_Record excerpts_:
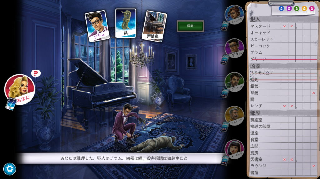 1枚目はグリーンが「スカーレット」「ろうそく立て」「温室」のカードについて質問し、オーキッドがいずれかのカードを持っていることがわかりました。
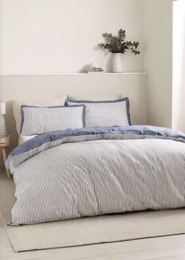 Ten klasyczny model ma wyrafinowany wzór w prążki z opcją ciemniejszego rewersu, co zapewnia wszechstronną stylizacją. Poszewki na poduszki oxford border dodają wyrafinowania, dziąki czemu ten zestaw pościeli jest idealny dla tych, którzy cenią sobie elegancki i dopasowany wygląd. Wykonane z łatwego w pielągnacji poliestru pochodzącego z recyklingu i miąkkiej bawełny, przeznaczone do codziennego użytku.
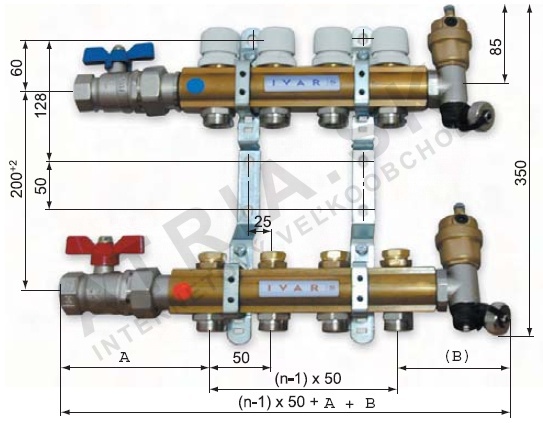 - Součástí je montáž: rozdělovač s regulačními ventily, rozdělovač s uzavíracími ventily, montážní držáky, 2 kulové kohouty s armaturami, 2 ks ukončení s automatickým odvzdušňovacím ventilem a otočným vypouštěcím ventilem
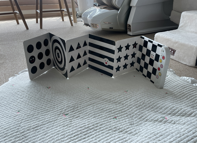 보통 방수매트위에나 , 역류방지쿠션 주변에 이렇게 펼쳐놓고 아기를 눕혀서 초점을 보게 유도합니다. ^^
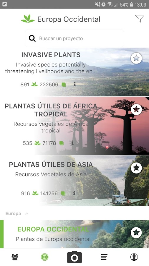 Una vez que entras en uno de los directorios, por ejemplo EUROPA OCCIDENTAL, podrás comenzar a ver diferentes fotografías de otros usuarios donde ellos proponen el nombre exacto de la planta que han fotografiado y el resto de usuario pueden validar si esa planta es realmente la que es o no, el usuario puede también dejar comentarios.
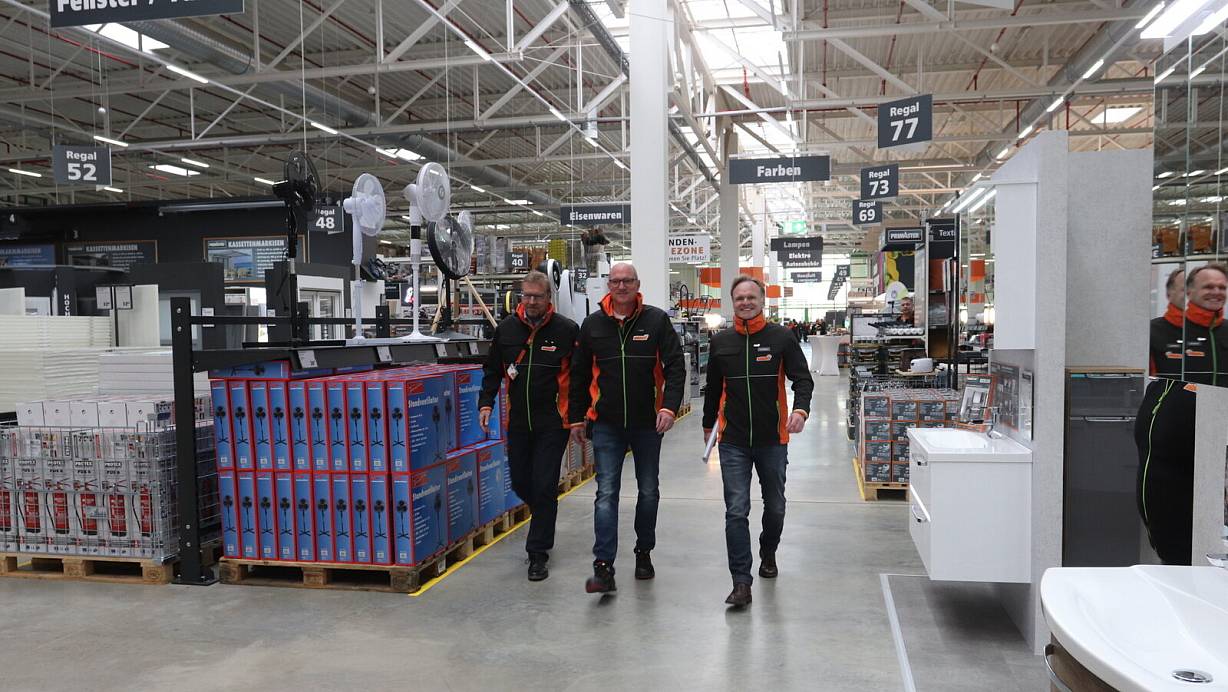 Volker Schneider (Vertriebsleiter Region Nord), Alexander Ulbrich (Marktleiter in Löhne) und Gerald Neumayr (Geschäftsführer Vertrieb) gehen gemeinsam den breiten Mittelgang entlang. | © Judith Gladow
==
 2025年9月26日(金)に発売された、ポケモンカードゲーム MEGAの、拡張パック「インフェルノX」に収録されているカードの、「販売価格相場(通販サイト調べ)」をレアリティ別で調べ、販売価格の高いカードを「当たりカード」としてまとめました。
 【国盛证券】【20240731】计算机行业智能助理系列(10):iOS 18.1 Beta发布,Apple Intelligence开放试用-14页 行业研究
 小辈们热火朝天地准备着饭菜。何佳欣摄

_Task requirements_: Copy the listing above exactly, but only from the line with "보통 방수매트위에나 , 역류방지쿠션" through the line with "Volker Schneider (Vertriebsleiter", including those two lines and excluding any picture.

_Written response_:
 보통 방수매트위에나 , 역류방지쿠션 주변에 이렇게 펼쳐놓고 아기를 눕혀서 초점을 보게 유도합니다. ^^
 Una vez que entras en uno de los directorios, por ejemplo EUROPA OCCIDENTAL, podrás comenzar a ver diferentes fotografías de otros usuarios donde ellos proponen el nombre exacto de la planta que han fotografiado y el resto de usuario pueden validar si esa planta es realmente la que es o no, el usuario puede también dejar comentarios.
 Volker Schneider (Vertriebsleiter Region Nord), Alexander Ulbrich (Marktleiter in Löhne) und Gerald Neumayr (Geschäftsführer Vertrieb) gehen gemeinsam den breiten Mittelgang entlang. | © Judith Gladow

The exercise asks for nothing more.